We'll take a 16000 gallon pool, because that's what I have. On a fresh fill, prominent national pool chain recommends 2.5 pounds pf stabilizer per 10,000 gallons, which works out nicely to 4 pounds which brings CYA to 30.
With an average loss of 2 PPM/Day or 14 ppm/week, I'll have added 8.6 PPM/CYA if I used trichlor pucks perfectly. And they recommend a weekly "shock" of dichlor between 5 and 10 FC.. 2-3 oz per 10,000 gallons. Split the difference; I'll add 4 oz. CYA went up another .9.
So..by the end of week one, I have added 9.5 more CYA. It is now 39.5. Minimum FC for that is 3, so I'm probably okay.
Week two, up to 49 CYA.
Week three, 58.5. Minimum FC should be 5, but they recommend 3 as ideal, so the pool looks a bit hazy. So I'll toss in a little extra dichlor "shock" to jack FC up to 10. Which adds another 6.4 CYA. Keeping count? We're up to 64.9 now.
That caught the algae just in time.. we had two weeks of good luck. A steady diet of pucks and 4 oz. "shock" each week only added another 19, up to 73.9 now.
Week 6 it started looking funky, so we "shocked"it once again. CYA is up to 99.3. But minimum FC to keep algae at bay is 8, and we're still holding things to 3, because prominent national chain's preprinted sheet shows that as ideal. So algae got a toehold and the pool has a bit of a tint. So we throw two whole bags of dichlor in which jacks it another 7.6. By the time week 7 is over, we're at 116.4, because we had pucks in the floater the whole time.

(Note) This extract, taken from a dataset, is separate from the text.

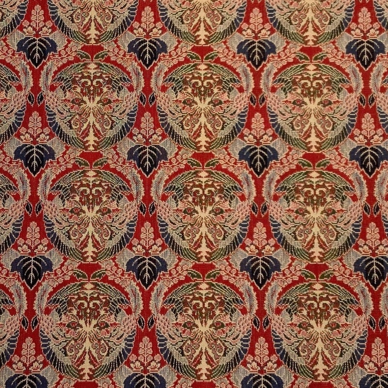 鳳凰を向かいあわせて丸文にし桐花をその四方におき立湧式の中に配した裂で、京都・壬生寺の狂言衣装に使用されていた壬生寺裂の一つであります。[龍村美術織物より]

So...in 7 weeks, from 30 to 116.4. Let's say there are no more algae outbreaks because they sold me a huge bucket of phos-free and another of yellow-out monopersulfate "shock" Nothing but the pucks and the extra 4 oz of dichlor "shock" weekly. So the next 7 weeks added 66.5, which brings the total to 182.9 CYA.
Now if we didn't understand this and things looked a bit hazy, we might throw an extra puck or two in the floater every couple weeks, which will drive it over 200 easily.

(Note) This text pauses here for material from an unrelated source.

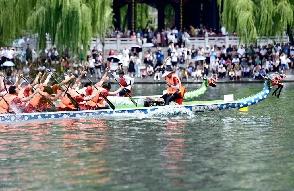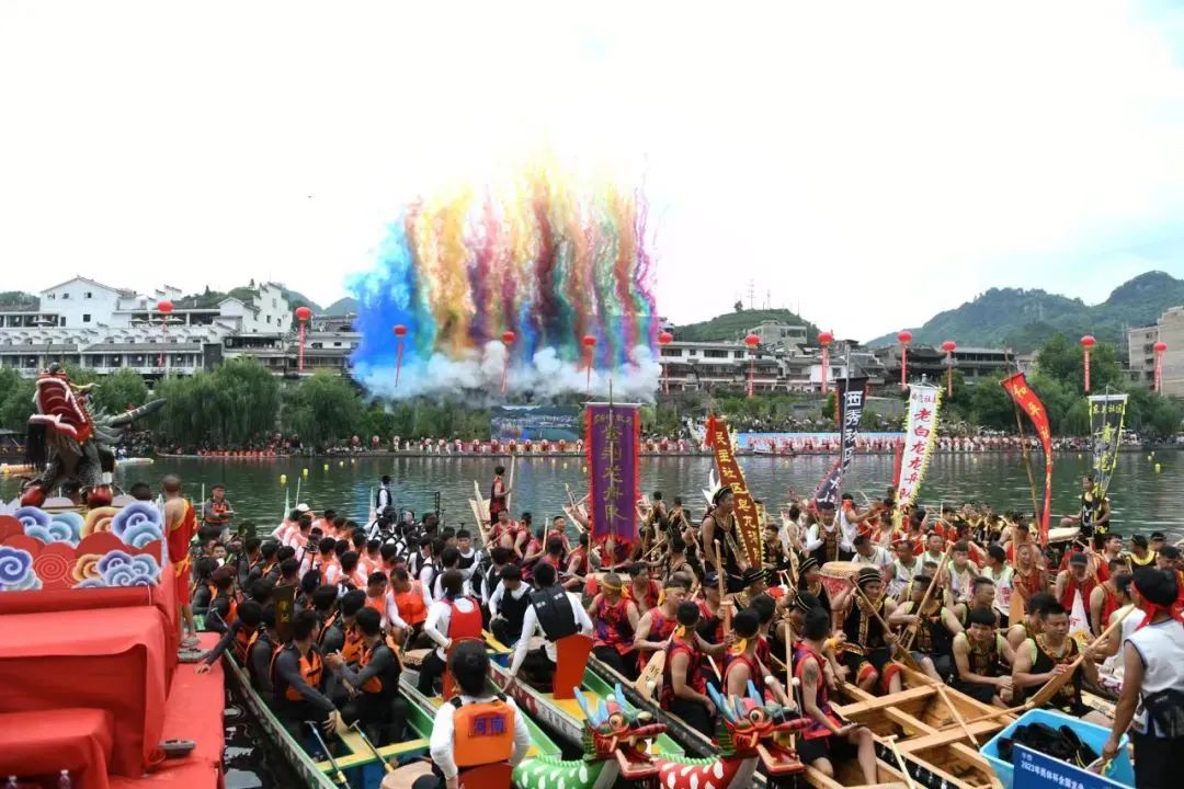 㵲阳河两岸百人唢呐齐鸣、千人战鼓齐奏、万人齐唱《爱我中华》,共同将现场氛围推向高潮。会徽、龙头船、特色主题船游江而来,展演传统龙舟文化和民间民俗风情,揪龙头、倒立蹬及传统龙舟号子等传统龙舟戏的精彩表演引人注目,活动现场精彩纷呈,目不暇接。

It's a vicious cycle. You have inadequate free chlorine for the stabilizer level so you get algae, so you turn up the chlorinator to raise FC which also raises CYA which means you need more FC so you turn up the chlorinator to raise FC which also raises CYA which means you need more FC so you turn up the chlorinator to raise FC which also raises CYA which means you need more FC so you turn up the chlorinator and then all the sudden, your pool turns cloudy and green. It wasn't all the sudden. It was building for weeks.